A 22-0 loss to the Green Bay Packers and the first time the team had been shutout in a decade can bring people down pretty fast. Let’s start with who and what were behind the sticks after the loss to drop the Bills to 1-3.
 

BEHIND THE STICKS

  • QB Josh Allen

At the end of the game, the numbers were at least more respectable, mostly because the Packers were giving up yards for time. However, Allen wasn’t very good for most of the contest, particularly early-on. He finished the first half only 5-of-19 passing for 58 yards. He didn’t pull the trigger early enough on several passes, and was off target too often when he did. He also made a crucial rookie mistake when he threw haphazardly across his body and deep down the middle of the field at the end of the first half. The ball was picked off by rookie cornerback Jaire Alexander. Allen finished the game 16-of-33 for 151 yards, no touchdowns, and two interceptions.
 

  • 7 sacks given up

A couple of these were also on Allen, but for the most part, the Bills’ offensive line was beaten badly and cleanly several times, resulting in Allen going down.
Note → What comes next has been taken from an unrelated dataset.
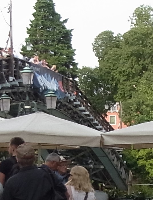 カナル・グランデにかかる貴重な橋で、アカデミア美術館へ向かう際に渡りました。橋上は渡る歩行者、眺めを楽しむ人、物売りで混雑しており、こんなに乗っても大丈夫?と思えるほどでした。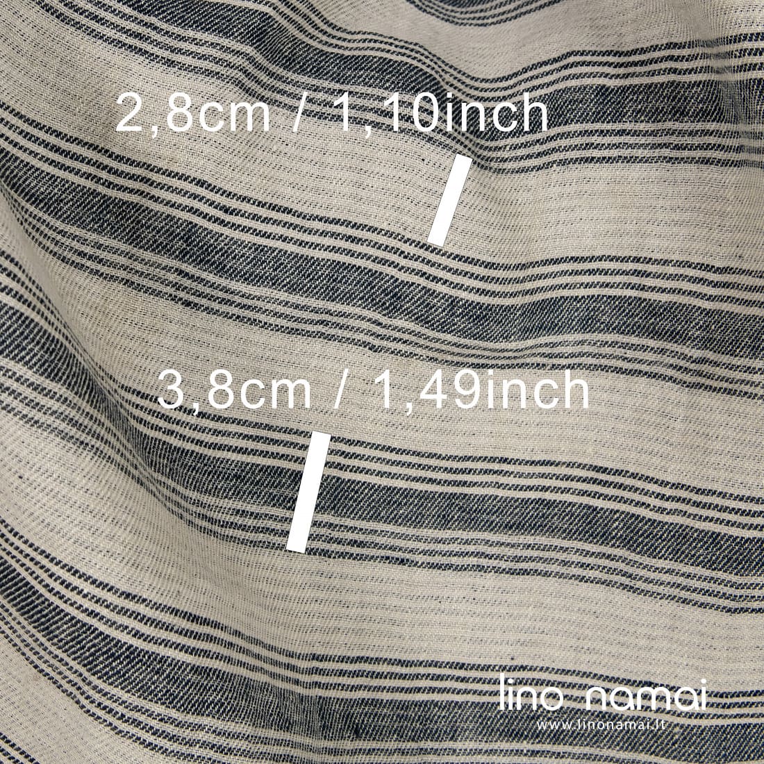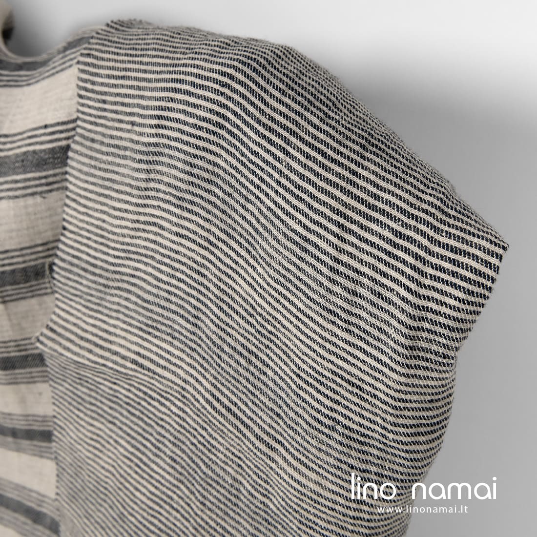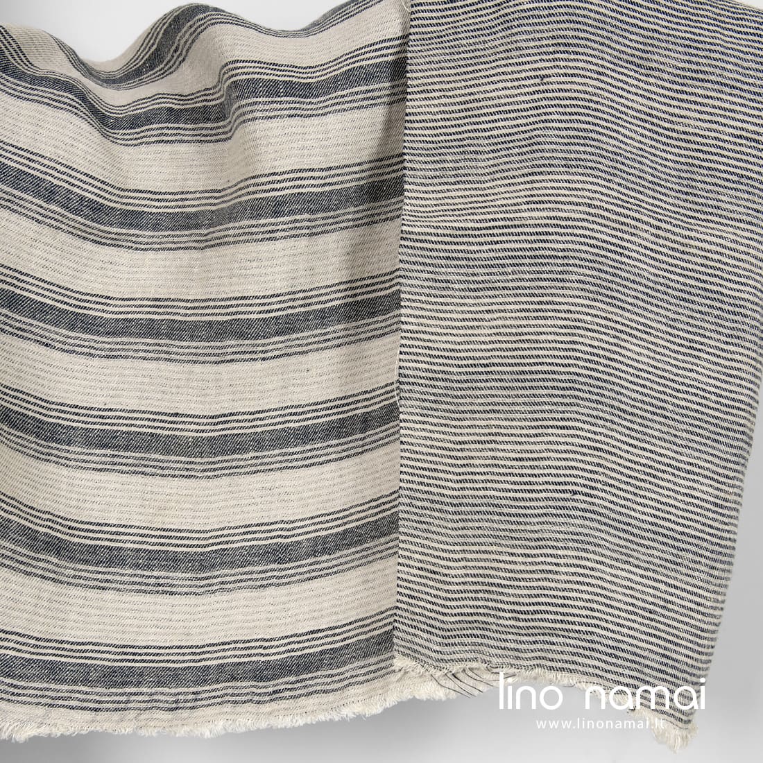 Lininis audinys dryžuotas dvipusis skalbtas. Išaustas įstrižais ruoželiais iš gelsvai baltų, pilkšvų ir mėlynai juodų verpalų. Viena audinio pusė su plačiais, kita - su siaurais dryžiais. Skalbtas specialiu būdu, todėl minkštas, švelnus, malonus odai, ypač tinka drabužiams, šalikams ir namų tekstilei siūti.

The Bills came into the game tied for the league lead in sacks allowed with 14 through three games, then they gave up half that amount in just four quarters.
 

  • LeSean McCoy’s touches

Shady was back in the lineup, yet the Bills’ best offensive threat had a total of eight touches, five rushes and three receptions. Given the lack of weapons they have on that side of the ball, he has to have more than that for this team to be successful. It’s obviously tough when the game starts to get out of hand and they have to throw more to try and get back into it quicker, but this one was only 6-0 at the end of the first quarter and 13-0 as the first half was winding down. If this team has any hope to get the offense moving, it needs to start with keeping McCoy as a part of the game plan - both as a runner and receiver -  even when things aren’t going right.
 

  • The run game

16 carries for 58 yards, a 3.6 yards per-run average. Those numbers are pedestrian enough as it is, but when you have a rookie quarterback, the running game has to give him help. It didn’t in any way Sunday.  
 

  • Third down offense

Take all of the above and add it up to why this was such a problem, but it was a major issue. The Bills finished the game 3-for-16, only 19-percent on third down. They went three-and-out in four of their first five drives and seven of their twelve total drives. 
 

  • Run defense

After coming into the game ranked fifth in the NFL against the run, the defense let the Packers get off to the tune of 141 yards. They allowed 4.4 yards per-carry, which is a little too high but not horrible. However, the issue was mainly when Green Bay was able to be successful in the run game. Too many times the Bills had them in a good situation, but allowed a big run to either get them a first down or make it third-and-short.  
 

  • Lack of QB pressure

Last week, the defense harassed Kirk Cousins all afternoon, got him down four times, and were credited with six QB hurries. Granted, Cousins isn’t Rodgers and Rodgers has a quicker release, but against the Packers, the Bills’ defense wasn’t able to get nearly the pressure on him. They finished with two sacks and a total of four hurries. Rodgers had too much time too often.

 

AHEAD OF THE STICKS

  • CB Tre’Davious White

The Bills’ second year cornerback continued his stellar play. White followed Packers’ wideout Davante Adams all around the field whenever he was lined up outside. Adams was targeted 14 times, but only caught eight of those passes (not all against White). White especially had good coverage on a couple deep balls Rodgers threw at him. White was credited with a game-high three passes defended and five total tackles.
 

  • P Corey Bojorquez

Bojorquez continues to show his booming leg with distance and hang time. He punted eight times Sunday for an average of 43.5 yards, including one 50-yard boot and put four of those eight punts inside the Packers’ 20-yard line.
 

  • CB Ryan Lewis’ two forced fumbles

Lewis isn’t on this list because he was great in coverage, he was ok, but he did have two forced fumbles and two passes defended, including one in which he should have held on for what would have been a pick-six. Not bad for a kid who was on waivers hoping for work a few weeks ago.
 

  • Penalties

The Bills only committed three penalties the entire game, which is a great number, especially considering the game was on the road and they had a rookie quarterback under center.

 

THE BIG PICTURE

Going into the season, most felt the Bills would either be 0-4 or 1-3 through the first quarter of the schedule, then have a chance to win some games after that to try and climb back up the standings. After this loss in Green Bay, that’s exactly where they sit (1-3).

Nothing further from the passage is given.